Uber already has a large, global user base (and dataset). The expansion of transportation options on its platform — both its own and those of other companies — adds value for existing users while attracting new ones interested in getting around by anything other than a car. New modes of transport and a growing user base will produce more data, showing the company where more people are going and how additional transport modes are used. Uber will not only use data on its own services, but data from every third-party service offered through its platform. All of this data feeds a flywheel that will improve Uber’s service exponentially over time.

In a recent interview with TechCrunch, Khosrowshahi was asked why he was allowing other services onto Uber’s platform. He likened it to Amazon offering branded products while letting other businesses sell their products through the Amazon marketplace. He left out how Amazon uses its sales data to see which third-party products are selling well and make cheaper versions of its own, undercutting the original product and leaving its seller with no means of challenging Amazon. Will Uber eventually do the same to Lime’s scooters or Getaround’s car rentals? It’s not impossible to imagine.

Cities Need to Act Now

City governments around the globe have struggled to effectively regulate ride-hailing apps, but there’s been some recent progress. In August, New York City passed new regulations limiting the number of ride-hailing vehicles, at least for a 12-month period as it further studies the issue. It will also ensure that drivers are paid the minimum wage of $15 per hour with a bit extra to cover vehicle costs.

Another regulatory bright spot: bikes and scooters. Having learned their lesson from letting ride-hailing companies evade regulation, city governments were quick to develop policies for new micromobility services. Mayors make it known that they, not tech companies, had ultimate authority over what happened on city streets.

As Uber sets out to capture a significant chunk of urban transportation data with its new Amazon-inspired platform model, city governments need to make clear that data from activities occurring on the street is not proprietary information. This data belongs to the people as represented by their government. Uber should not have a better idea of how different transportation data modes are operating than governments themselves.
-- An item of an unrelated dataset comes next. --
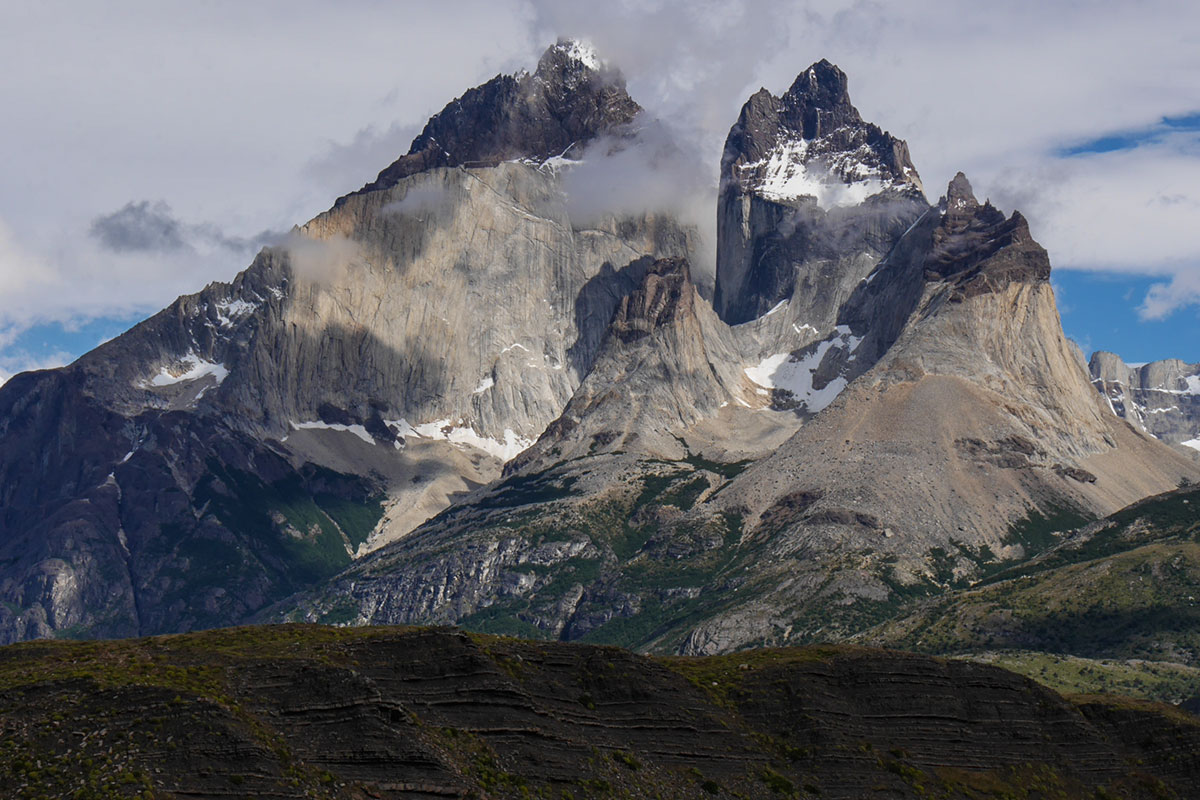 Torres del Paine ist sicherlich einer der schönsten Nationalparks Südamerikas mit smaragdgrünen Wäldern, azurblauen Seen und den steil aufragenden Granitbergen der „Türme von Paine“. Diese Türme sind auch nicht bloß einfarbig wie jene in Chalten, sondern sind durchsetzt mit unterschiedlichen Gesteinsschichten, was ihnen mehr Farbspiel und damit mehr Räumlichkeit verleiht. Diese ganze Farbenpracht vor blauem Himmel macht vor Staunen atemlos. Eine üppige Tierwelt ist dann die Sahne auf dem Kuchen: Kondore, Flamingos, Pumas und Füchse, Guanacos, Andenhirsche…, die Liste ließe sich verlängern.

Under Khosrowshahi’s leadership, Uber’s tone has undoubtedly changed — probably for the better. Bikes and scooters will likely capture a significant portion of the ride-hailing service’s current users. However, Uber’s push to become the world’s dominant transportation platform is cause for concern. City officials must establish their right to transportation data. At the very least, they should build publicly owned alternatives that serve the interests of residents — not multinational companies.